• [WHAT THE TASK ASKS]: The reply is to contain the full listing, repeated exactly, with pictures left out.
Segment Start: SUPPLIED MATERIAL
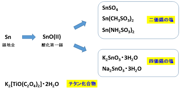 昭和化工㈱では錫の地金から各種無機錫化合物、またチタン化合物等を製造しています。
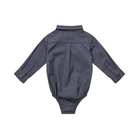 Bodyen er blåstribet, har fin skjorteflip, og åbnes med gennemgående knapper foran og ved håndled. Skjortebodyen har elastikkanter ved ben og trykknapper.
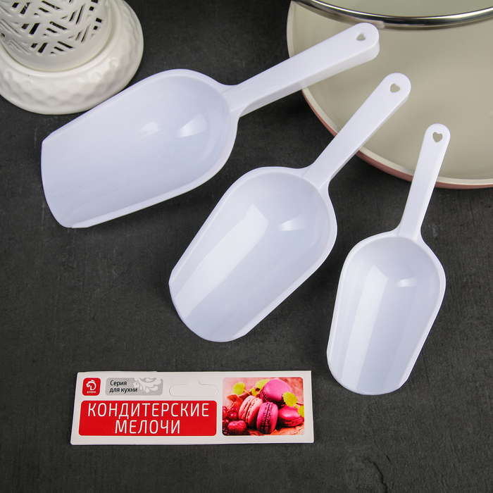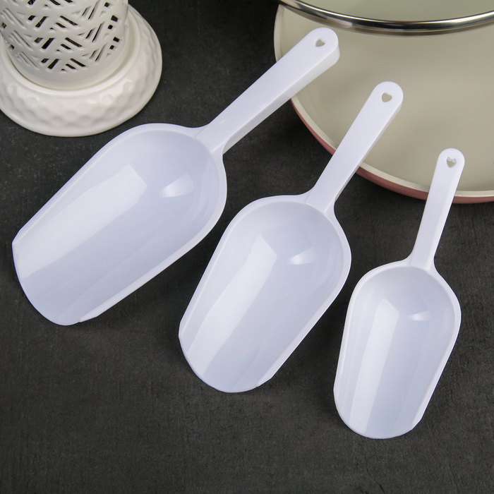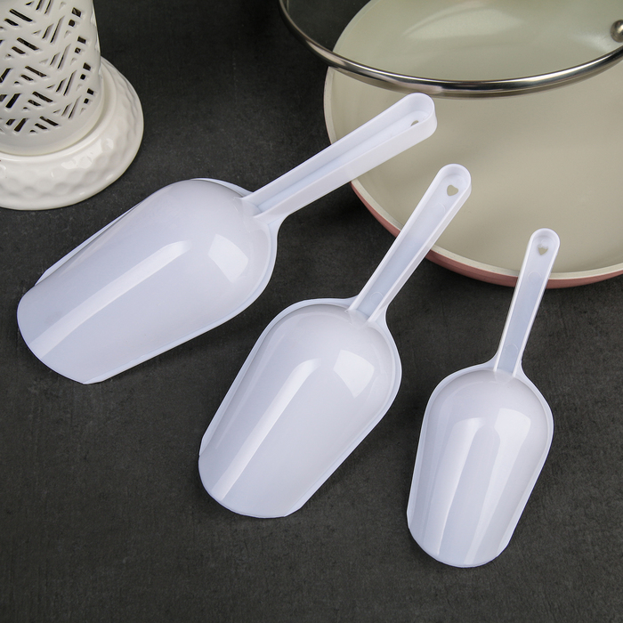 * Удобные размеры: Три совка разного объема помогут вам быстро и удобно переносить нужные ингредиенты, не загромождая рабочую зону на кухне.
Segment End: SUPPLIED MATERIAL
• [EXERCISE OUTPUT]:
 昭和化工㈱では錫の地金から各種無機錫化合物、またチタン化合物等を製造しています。
 Bodyen er blåstribet, har fin skjorteflip, og åbnes med gennemgående knapper foran og ved håndled. Skjortebodyen har elastikkanter ved ben og trykknapper.
 * Удобные размеры: Три совка разного объема помогут вам быстро и удобно переносить нужные ингредиенты, не загромождая рабочую зону на кухне.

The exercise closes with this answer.